Defining Race: Raoul Peck's I Am Not Your Negro

author James Baldwin

"Trumpcare was never about the well-being of Americans," actor Jeffrey Wright recently remarked as President Donald Trump continued to dismantle the former president's Patient Protection and Affordable Care Act. "It was about trying in vain to erase Barack Obama from the history books." Given the erratic nature of Trump's actual policies, where everything is put in direct opposition to Obama's legacy, Wright's claim isn't rhetorical. What he does is open a door into what the early days of the Trump era are all about: inducing social amnesia. The one consistency that both elected Trump and has sustained him so far has been the continuous fermenting rage over having had eight years of America's first black president. Even the term – Obamacare – when it springs forth from the lips of many Republicans, sounds like they're describing some kind of plague or pestilence that has swept the land and needs to be gotten rid of, denying both the intent of the Act (despite its deficiencies) and the political integrity of the man who put it forth.
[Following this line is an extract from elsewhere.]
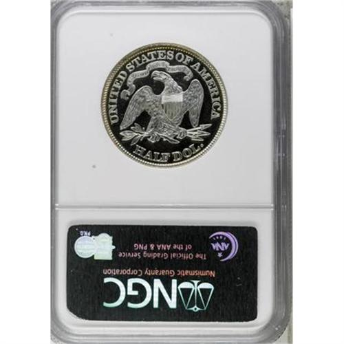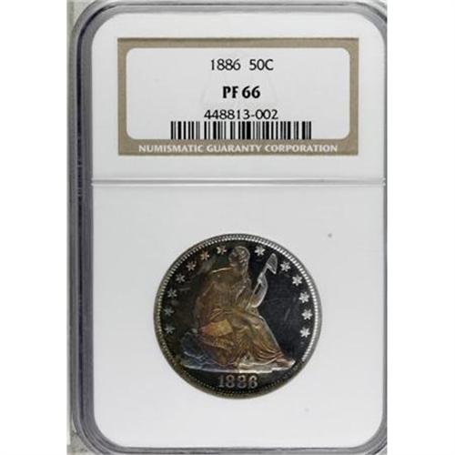 <B>1886 50C PR66 NGC.</B></I> One of only 886 proofs struck in this low total mintage year. This is an absolutely splendid half dollar. The fields are deeply mirrored and the obverse has a large swath of golden-brown and blue toning that gives a strong accent against the brilliance seen elsewhere on that side. The reverse is completely brilliant. While not listed on the NGC insert, there is a noticeable amount of mint frost over the devices which provides a moderate contrast. Census: 20 in 66, 7 finer (5/07).<BR><BR><b>Shipping:</b> Coins & Currency (<a target="_blank" href="http://www.heritageauctions.com/common/shipping.php">view shipping information</a>)

Obamacare never was allowed to be a piece of legislation, which is why the Republican alternative isn't even a sufficient improvement, or close to being a reasoned response to it. During the tenure of his presidency, I think Barack Obama knew that he was a lightning rod for both the unrealistic expectations of his followers and the irrational hatred of his adversaries. He also understood that any daring move on his part to fulfill those two terms in office would have likely led to a cataclysmic outcome given the nation's unresolved racial history and its string of assassinations. So he worked carefully (and with precision) to be both a visible and an invisible presence. Out of office, Obama is still a projection of America's torn psyche, an ineradicable reflection, one part of the nation wishing to bury the whip of slavery while the other refuses to confront and transcend this unsavory legacy.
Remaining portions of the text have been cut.